O comandante do Exército, general Marco Antônio Freire Gomes, assegurou, hoje (6), que o Exército tem total controle sobre o processo de autorização para que caçadores, atiradores desportivos e colecionadores (os chamados CACs) adquiram armamentos.

“O sistema de controle que o Exército efetivamente gerencia, o dos CACs, é muito bom. É um sistema que funciona”, afirmou Gomes durante audiência pública realizada pela Comissão de Relações Exteriores da Câmara dos Deputados.
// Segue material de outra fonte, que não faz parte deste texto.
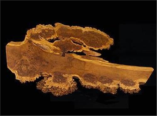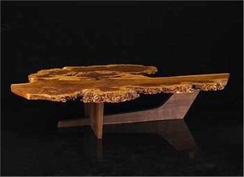 George Nakashima<BR>coffee table<BR>USA, 1973<BR>white oak burl, American black walnut, butternut<BR>71"w x 40"d x 13.75"h<BR>An exceptionally rare cut of wood with numerous burls, fissures and free edges forms the top of this table.<BR>Literature: Nature Form & Spirit: The Life and Legacy of George Nakashima, Nakashima, pg. 251<BR>Provenance: Purchased directly from the artist<BR>Baird family<BR><BR><BR>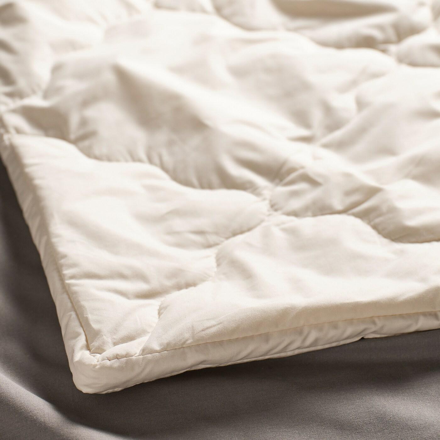 Теплое одеяло из натуральных волокон; чехол из 100%-го неотбеленного и неокрашенного хлопка и наполнитель из шерсти.

Após explicar que compete à Força regulamentar, autorizar e fiscalizar o registro, a posse e o porte de armas apenas dos caçadores, atiradores e colecionadores devidamente autorizados, o comandante lembrou que as demais pessoas, além das empresas de segurança, são administradas pelo sistema da Polícia Federal (PF).

“O Exército faz muito bem o controle [do seu sistema], mas no momento em que estes armamentos são desviados, roubados, o controle passa a ser policial. E posso afirmar que o nosso sistema tem ajudado muito as nossas polícias a mitigar esta questão”, acrescentou o general, afirmando que, desde 2019, a Força duplicou o número de militares trabalhando na área fiscalizatória.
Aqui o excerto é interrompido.